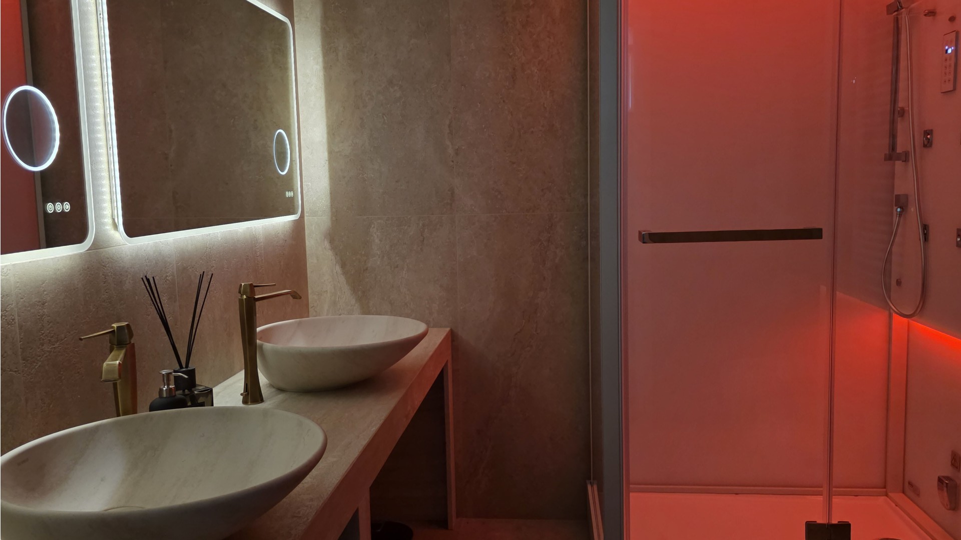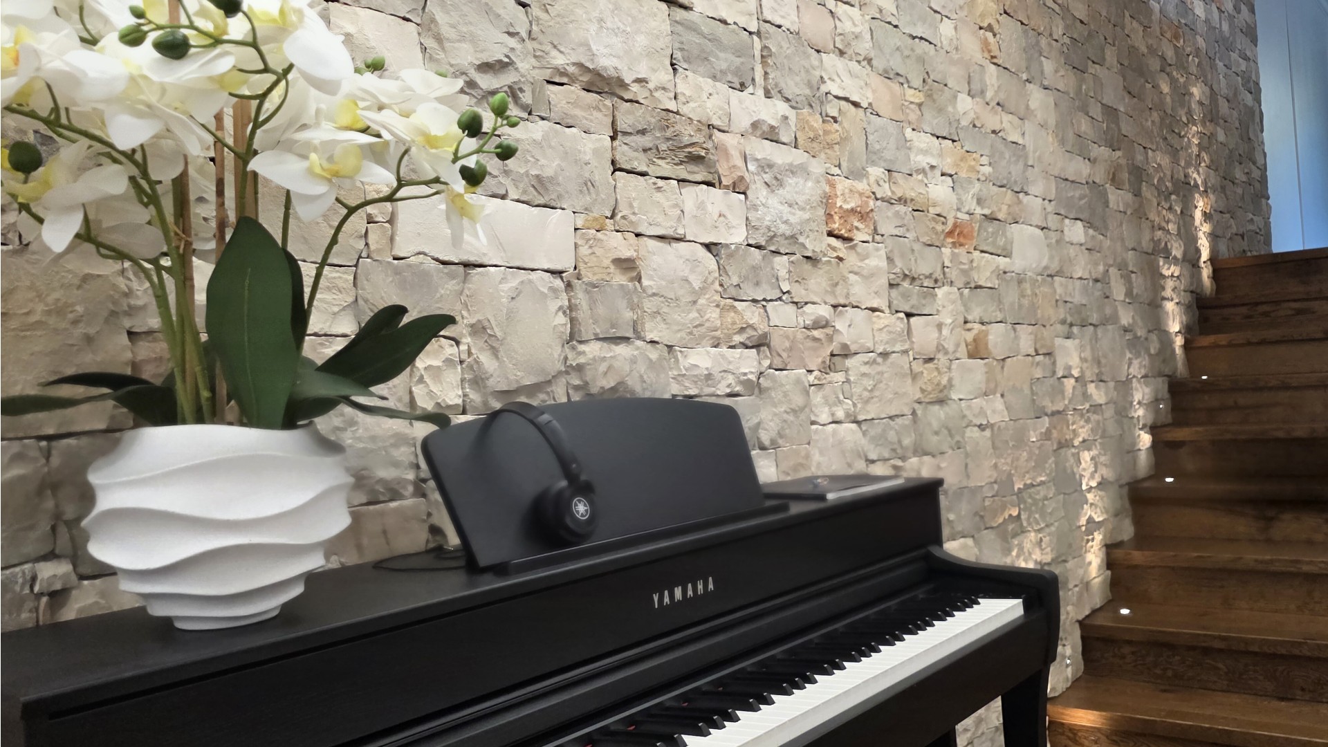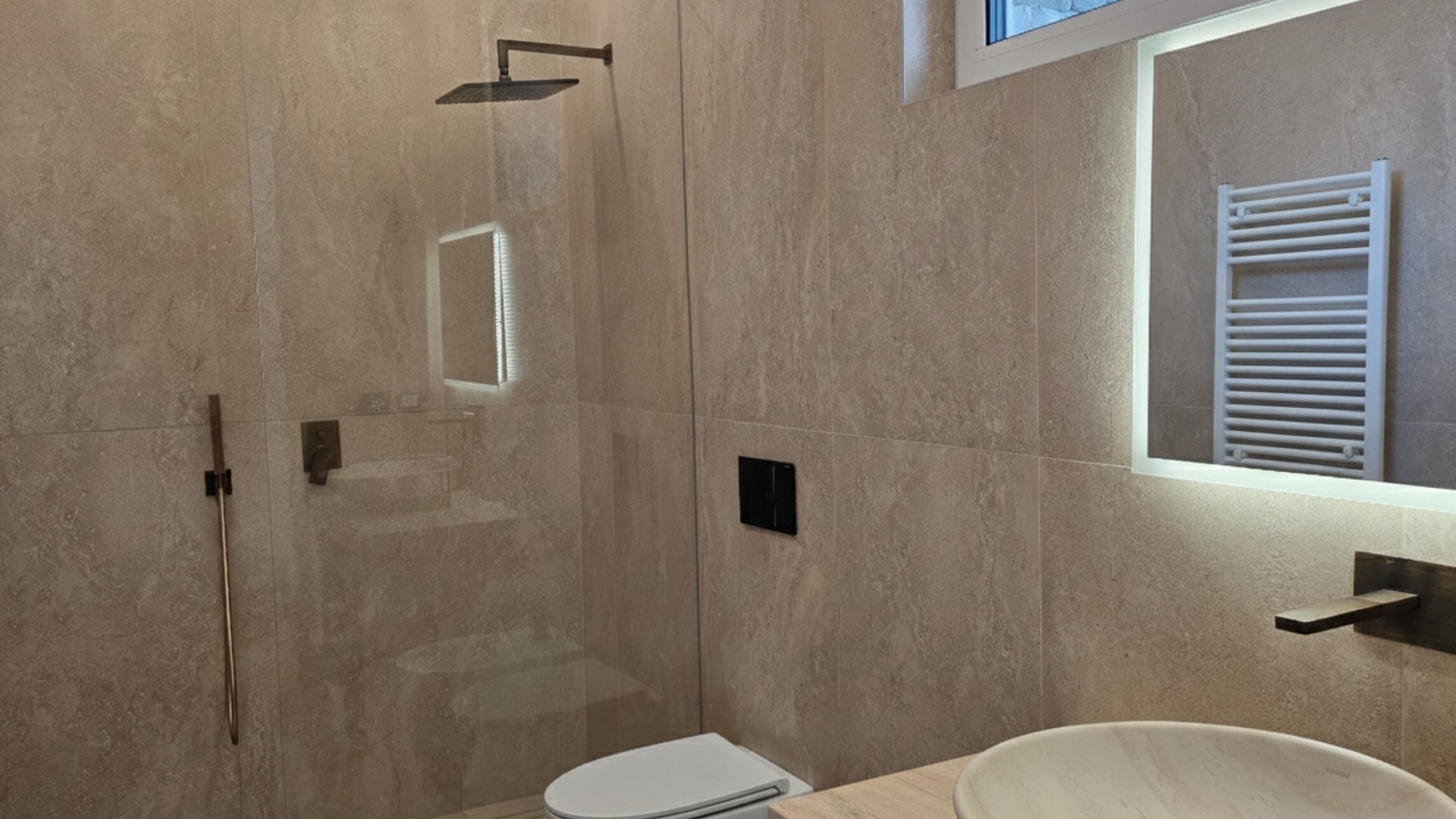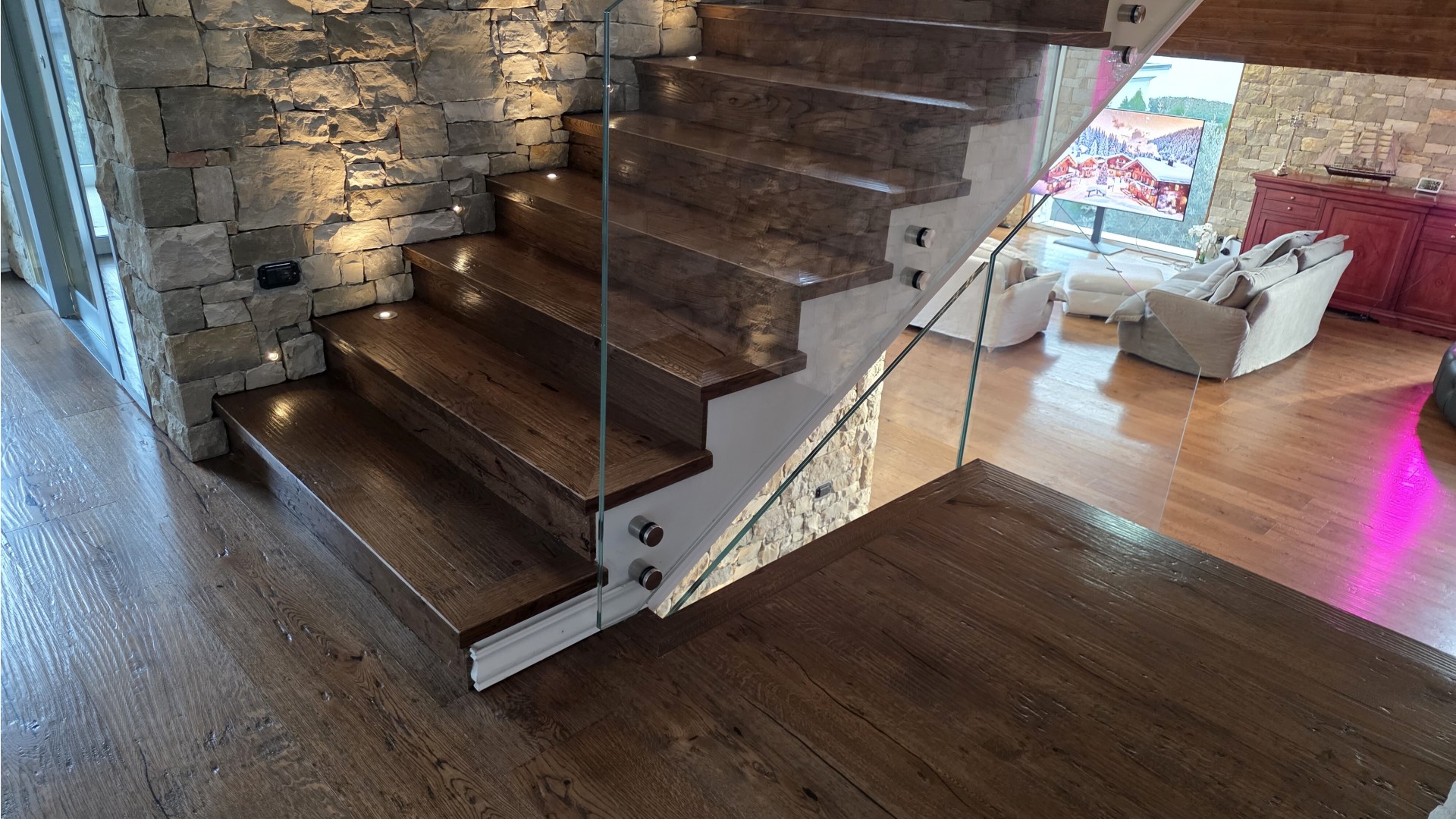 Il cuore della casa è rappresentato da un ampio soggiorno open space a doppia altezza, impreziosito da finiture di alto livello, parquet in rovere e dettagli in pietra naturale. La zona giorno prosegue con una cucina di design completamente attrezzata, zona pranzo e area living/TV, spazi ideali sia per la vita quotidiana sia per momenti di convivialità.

★ ★ ★ ★ ★ ★ ★

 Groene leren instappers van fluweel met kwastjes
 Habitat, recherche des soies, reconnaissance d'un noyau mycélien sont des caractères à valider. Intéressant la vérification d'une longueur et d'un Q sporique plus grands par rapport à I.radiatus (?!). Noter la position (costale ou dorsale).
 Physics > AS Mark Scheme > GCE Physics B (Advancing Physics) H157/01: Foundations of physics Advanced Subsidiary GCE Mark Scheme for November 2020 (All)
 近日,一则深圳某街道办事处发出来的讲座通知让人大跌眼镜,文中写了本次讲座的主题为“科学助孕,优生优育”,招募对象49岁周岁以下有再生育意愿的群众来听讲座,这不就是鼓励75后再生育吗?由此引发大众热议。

★ ★ ★ ★ ★ ★ ★

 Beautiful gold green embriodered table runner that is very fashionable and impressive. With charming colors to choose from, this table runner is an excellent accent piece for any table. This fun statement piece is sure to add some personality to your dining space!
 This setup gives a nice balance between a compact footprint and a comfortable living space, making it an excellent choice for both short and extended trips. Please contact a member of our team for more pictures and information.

★ ★ ★ ★ ★ ★ ★

I need each line of the entries that holds the string "This" located and copied.

▸ EXERCISE OUTPUT:
 Beautiful gold green embriodered table runner that is very fashionable and impressive. With charming colors to choose from, this table runner is an excellent accent piece for any table. This fun statement piece is sure to add some personality to your dining space!
 This setup gives a nice balance between a compact footprint and a comfortable living space, making it an excellent choice for both short and extended trips. Please contact a member of our team for more pictures and information.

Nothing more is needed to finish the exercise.